Each entry that follows is to be copied exactly, minus any pictures.

Input material Start Marker

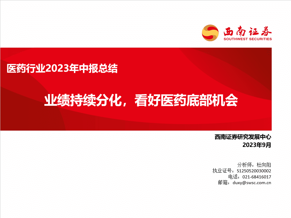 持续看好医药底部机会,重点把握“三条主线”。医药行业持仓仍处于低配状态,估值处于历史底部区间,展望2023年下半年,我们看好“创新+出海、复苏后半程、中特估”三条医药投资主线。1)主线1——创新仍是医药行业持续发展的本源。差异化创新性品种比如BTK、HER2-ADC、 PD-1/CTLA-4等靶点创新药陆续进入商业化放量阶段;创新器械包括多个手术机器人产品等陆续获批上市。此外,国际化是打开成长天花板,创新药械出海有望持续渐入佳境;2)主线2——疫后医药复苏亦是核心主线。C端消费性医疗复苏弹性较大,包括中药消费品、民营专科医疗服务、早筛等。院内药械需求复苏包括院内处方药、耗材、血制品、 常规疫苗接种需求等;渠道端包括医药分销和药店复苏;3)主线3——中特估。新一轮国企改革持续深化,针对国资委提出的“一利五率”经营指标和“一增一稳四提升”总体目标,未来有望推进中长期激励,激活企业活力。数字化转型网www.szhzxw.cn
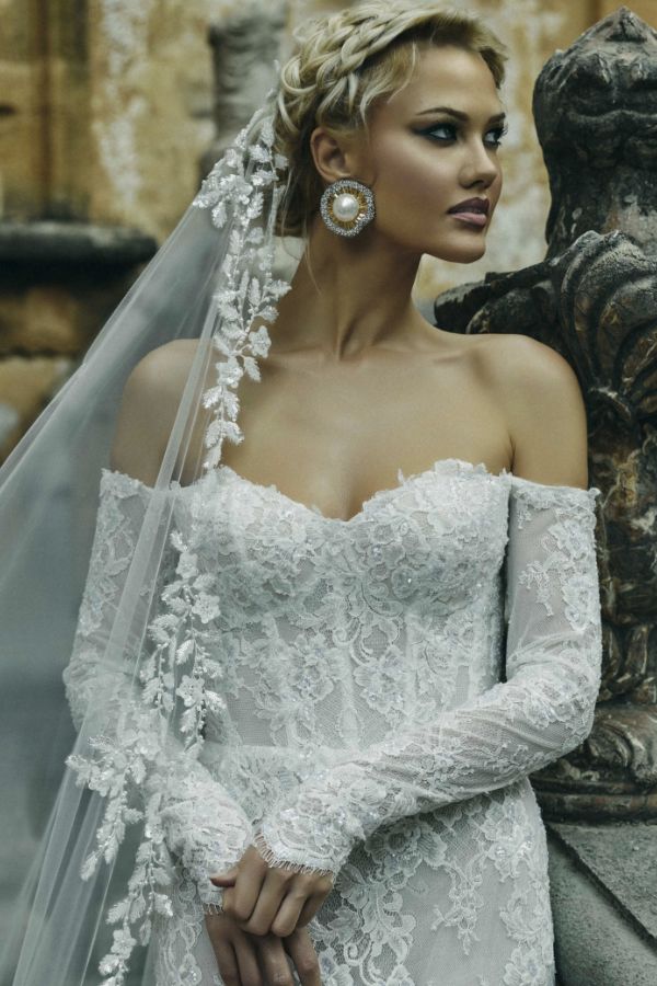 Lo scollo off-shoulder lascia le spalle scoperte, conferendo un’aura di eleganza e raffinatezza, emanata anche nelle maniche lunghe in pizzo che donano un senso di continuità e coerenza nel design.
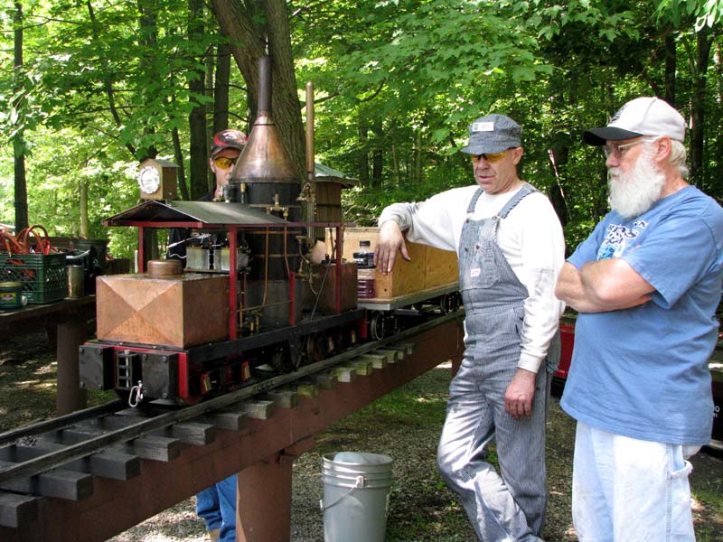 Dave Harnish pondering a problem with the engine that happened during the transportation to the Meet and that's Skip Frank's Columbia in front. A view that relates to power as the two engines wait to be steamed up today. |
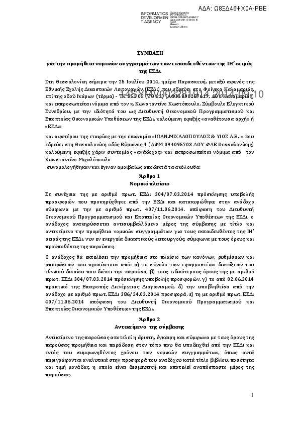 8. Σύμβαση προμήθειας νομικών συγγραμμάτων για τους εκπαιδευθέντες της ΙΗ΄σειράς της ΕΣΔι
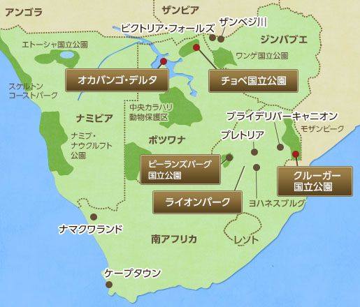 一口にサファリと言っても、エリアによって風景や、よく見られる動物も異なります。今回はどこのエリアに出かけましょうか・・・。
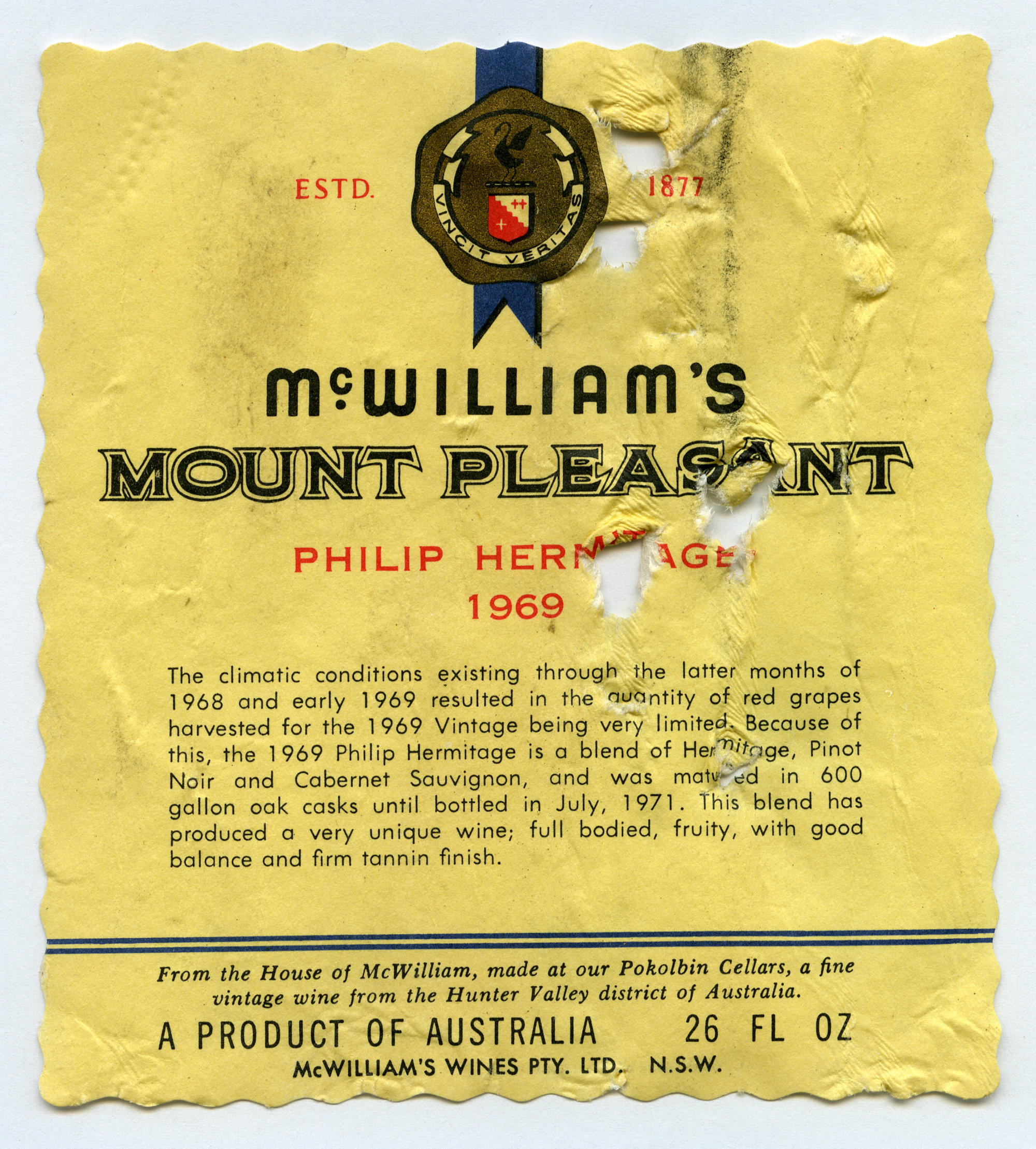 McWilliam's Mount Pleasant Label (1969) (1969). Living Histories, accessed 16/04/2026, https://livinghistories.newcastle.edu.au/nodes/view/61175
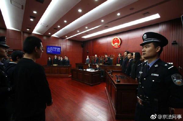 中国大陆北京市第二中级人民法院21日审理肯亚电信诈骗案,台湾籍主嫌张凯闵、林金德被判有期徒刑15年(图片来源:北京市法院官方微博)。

Input material End Marker

**Answer box:**
 持续看好医药底部机会,重点把握“三条主线”。医药行业持仓仍处于低配状态,估值处于历史底部区间,展望2023年下半年,我们看好“创新+出海、复苏后半程、中特估”三条医药投资主线。1)主线1——创新仍是医药行业持续发展的本源。差异化创新性品种比如BTK、HER2-ADC、 PD-1/CTLA-4等靶点创新药陆续进入商业化放量阶段;创新器械包括多个手术机器人产品等陆续获批上市。此外,国际化是打开成长天花板,创新药械出海有望持续渐入佳境;2)主线2——疫后医药复苏亦是核心主线。C端消费性医疗复苏弹性较大,包括中药消费品、民营专科医疗服务、早筛等。院内药械需求复苏包括院内处方药、耗材、血制品、 常规疫苗接种需求等;渠道端包括医药分销和药店复苏;3)主线3——中特估。新一轮国企改革持续深化,针对国资委提出的“一利五率”经营指标和“一增一稳四提升”总体目标,未来有望推进中长期激励,激活企业活力。数字化转型网www.szhzxw.cn
 Lo scollo off-shoulder lascia le spalle scoperte, conferendo un’aura di eleganza e raffinatezza, emanata anche nelle maniche lunghe in pizzo che donano un senso di continuità e coerenza nel design.
 Dave Harnish pondering a problem with the engine that happened during the transportation to the Meet and that's Skip Frank's Columbia in front. A view that relates to power as the two engines wait to be steamed up today. |
 8. Σύμβαση προμήθειας νομικών συγγραμμάτων για τους εκπαιδευθέντες της ΙΗ΄σειράς της ΕΣΔι
 一口にサファリと言っても、エリアによって風景や、よく見られる動物も異なります。今回はどこのエリアに出かけましょうか・・・。
 McWilliam's Mount Pleasant Label (1969) (1969). Living Histories, accessed 16/04/2026, https://livinghistories.newcastle.edu.au/nodes/view/61175
 中国大陆北京市第二中级人民法院21日审理肯亚电信诈骗案,台湾籍主嫌张凯闵、林金德被判有期徒刑15年(图片来源:北京市法院官方微博)。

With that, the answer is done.